She looked at him half wonderingly, and it seemed to him that there was doubt in her eyes.
“Can you not have faith in me?” he said quietly, “and believe when I tell you that it is better that I should not speak?”
“Yes,” she said softly, “I will have faith in you and wait.”
“I thank you,” he said gravely.
“Now tell me more about Harry.”
“There is very little to tell,” replied Leslie. “As I went down-stairs that day, I found him just about to enter the house. For a moment I was startled, but I am not a superstitious man, and I grasped at once how we had all been deceived, and who it was dealt me the blow and tripped me that night; and in the reaction which came upon me, I seized him, and dragged him to the first cab I could find.”

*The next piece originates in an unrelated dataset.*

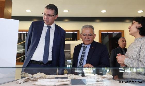 Kayseri Büyükşehir Belediye Başkanı Dr. Memduh Büyükkılıç, Kayseri Bölge Adliye Mahkemesi Başsavcısı Burhan Bölükbaşı’yı makamında ağırlayarak, Büyükşehir Belediyesi Fuaye Alanı’nda sergilenen 7,5 milyon yıllık fosiller hakkında Bölükbaşı’ya bilgiler verdi.

“I was half mad with delight,” continued Leslie, speaking, in spite of his burning words, in a slow, calm, respectful way. “I saw how I had been deceived that night, who had been your companion, and why you had kept silence. For the time I hardly knew what I did or said in my delirious joy, but I was brought to myself, as I sat holding your brother’s wrist tightly, by his saying slowly:—
“‘There, I’m sick of it. You can leave go. I shan’t try to get away. It’s all over now.’”
“He thought you had made him a prisoner?”
“Yes; and I thought him a messenger of peace, who had come to point out my folly, weakness, and want of faith.”